An OLD, Moldy Fender that won't hold air when pumped up, etc.
Just remember, when she gets those turns dead nuts right, cuts the throttle, shifts to neutral, grabs the boat hook & dashes off to the nasty "old" bumper...You're going to be buying dinner that night...best money You'll ever spend. Moderate Seas are 4-6 around here, offshore, & the wife can give that boat hook a double spin on the fender line (like spagetti under a skilled fork spinning in the spoon) Flip it up and BODY SLAM that bad boy on the foredeck. She'll look back at You and say..."You said 'that's YOU, right? Well Your Happyazz is back on OUR Boat!" 34yr veteran RN...she don't play.

Moral to Your bumper/fender story is....
Be careful what You wish for.
-Mick
PS: She's also so adept w/that 14' extending boathook for 3 reasons....
a red healer named "Smooch";
a Black Cocker Spaniel Named "MURPHY"(<no kidding)
a Boston Bull Terrier named "Lacey", & finally, my mutt,
a JRT Named "snoopy".

SHE (& me) flat out LOVE these dogs, they wear their LJ's Whenever on decks, ALL have a "grab handle (like the old cases of beer)" right on top of the flotation device, when swimming, Hooking that "handle" then hoisting back on board is a cinch when the pooch gives up trying to "do it themselves on the ride north out of the water & over the lifelines.

Before ANYBODY says...hey, way cool, There's MY MOB "victim"...& grabs the family canine...they su*ck at "victim" status...they're swimming after You before they hit the water; we have lifeline netting...doesn't matter, they go Where that tennis ball goes.

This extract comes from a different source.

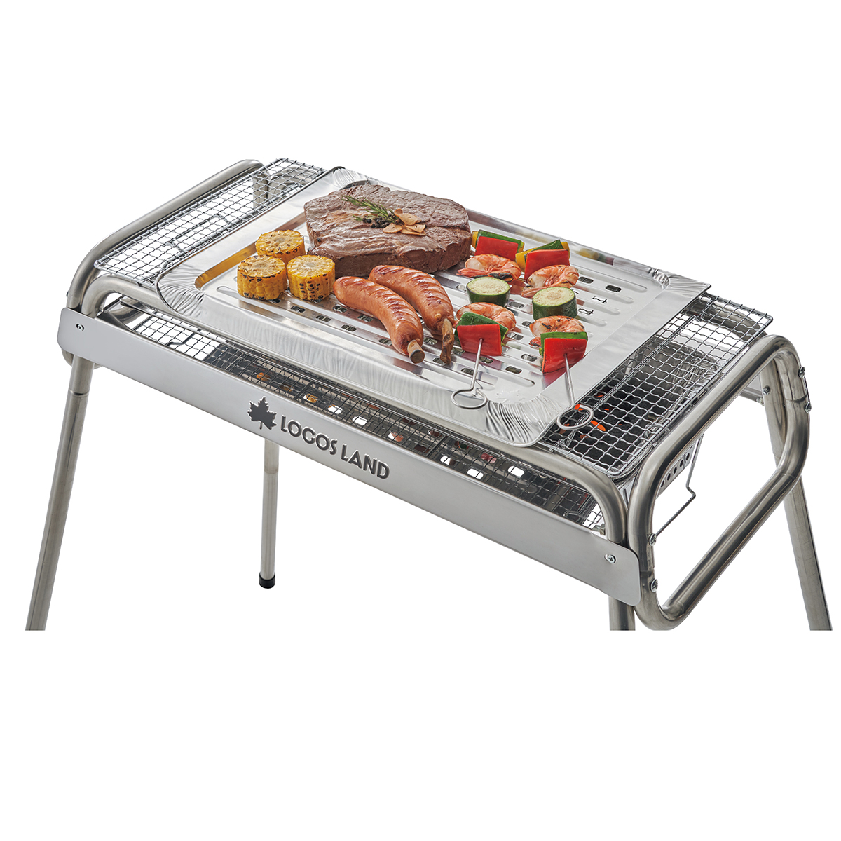 調理しやすい高さ80cmを採用。スライド式の火床は、炭の継ぎ足しが簡単にできるうえ、フックを本体にかけることで、遠火と近火の火力調節も可能。ロースタイル時には高さを41.5cmに変えられるので、シーンに応じた使い方ができる。

The opening gates are FLOWN to and "out of". Snatching a dog on the fly is way more challenging than a person....they don't have thumbs they also don't WANT Your help...'till they realize they have no "say" in the matter.

Had a skipperke 2 decades ago...2nd coolest dog ever...came w/me everywhere to all the yards & marinas...used to hop right in the water & swim around for HOURS. She would have been the worse MOB ever! I'd have to BEG her to come out just to go home!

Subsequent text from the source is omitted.